_ASSIGNED TASK_:
No pictures go into the copy. Write out exactly the lines below from the one containing "УЧИТЕЛЬ И УЧЕНИК" through the one containing "Berdasarkan pelbagai elemen".

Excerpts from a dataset
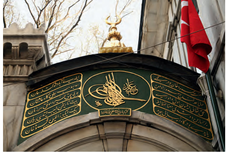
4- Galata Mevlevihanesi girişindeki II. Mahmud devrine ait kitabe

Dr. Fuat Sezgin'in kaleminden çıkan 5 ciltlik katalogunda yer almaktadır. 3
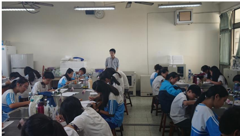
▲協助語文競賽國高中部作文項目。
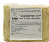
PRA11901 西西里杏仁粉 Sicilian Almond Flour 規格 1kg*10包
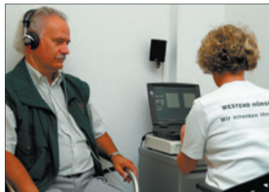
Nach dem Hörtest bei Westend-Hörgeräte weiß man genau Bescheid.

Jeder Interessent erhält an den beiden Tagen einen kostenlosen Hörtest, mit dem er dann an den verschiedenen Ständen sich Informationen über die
...
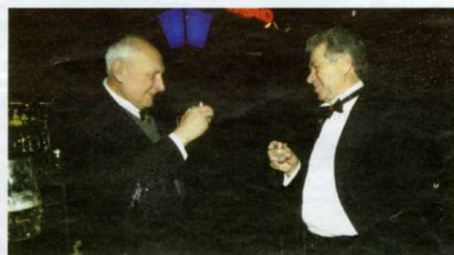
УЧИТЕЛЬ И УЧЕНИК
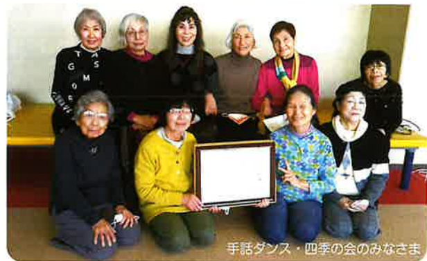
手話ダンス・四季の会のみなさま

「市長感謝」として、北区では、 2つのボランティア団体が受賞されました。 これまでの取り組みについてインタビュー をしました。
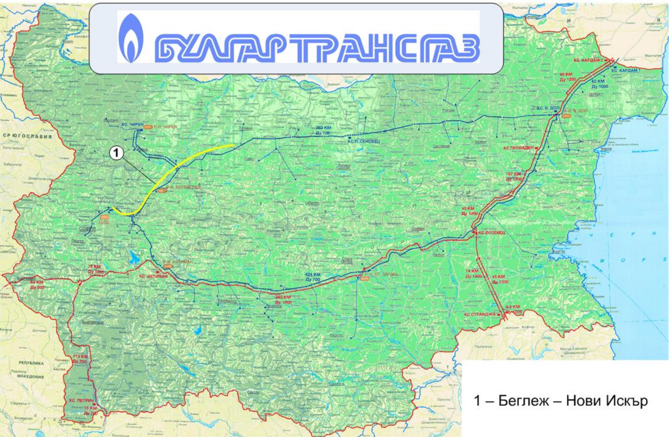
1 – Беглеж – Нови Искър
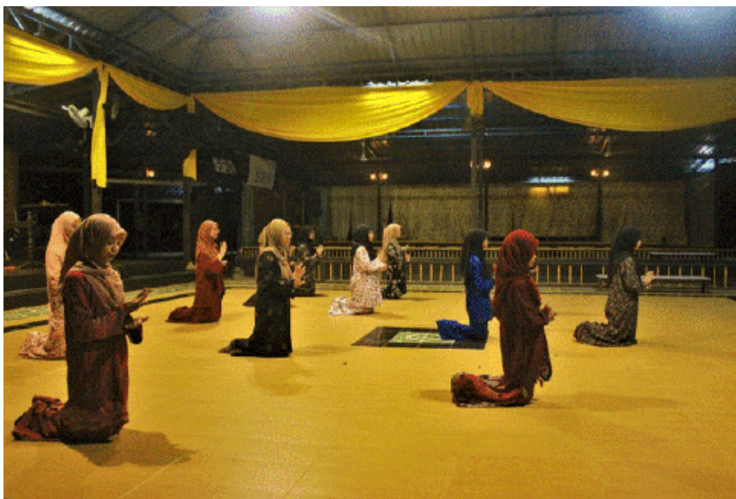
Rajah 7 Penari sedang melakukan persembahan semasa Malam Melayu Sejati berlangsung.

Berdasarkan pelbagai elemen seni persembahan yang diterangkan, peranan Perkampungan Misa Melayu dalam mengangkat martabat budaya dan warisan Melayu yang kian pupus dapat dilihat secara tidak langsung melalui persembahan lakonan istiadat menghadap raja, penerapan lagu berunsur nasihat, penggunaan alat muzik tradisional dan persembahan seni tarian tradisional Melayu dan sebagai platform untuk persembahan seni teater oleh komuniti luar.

_SOLUTION TO THE EXERCISE_:
УЧИТЕЛЬ И УЧЕНИК
手話ダンス・四季の会のみなさま

「市長感謝」として、北区では、 2つのボランティア団体が受賞されました。 これまでの取り組みについてインタビュー をしました。
1 – Беглеж – Нови Искър
Rajah 7 Penari sedang melakukan persembahan semasa Malam Melayu Sejati berlangsung.

Berdasarkan pelbagai elemen seni persembahan yang diterangkan, peranan Perkampungan Misa Melayu dalam mengangkat martabat budaya dan warisan Melayu yang kian pupus dapat dilihat secara tidak langsung melalui persembahan lakonan istiadat menghadap raja, penerapan lagu berunsur nasihat, penggunaan alat muzik tradisional dan persembahan seni tarian tradisional Melayu dan sebagai platform untuk persembahan seni teater oleh komuniti luar.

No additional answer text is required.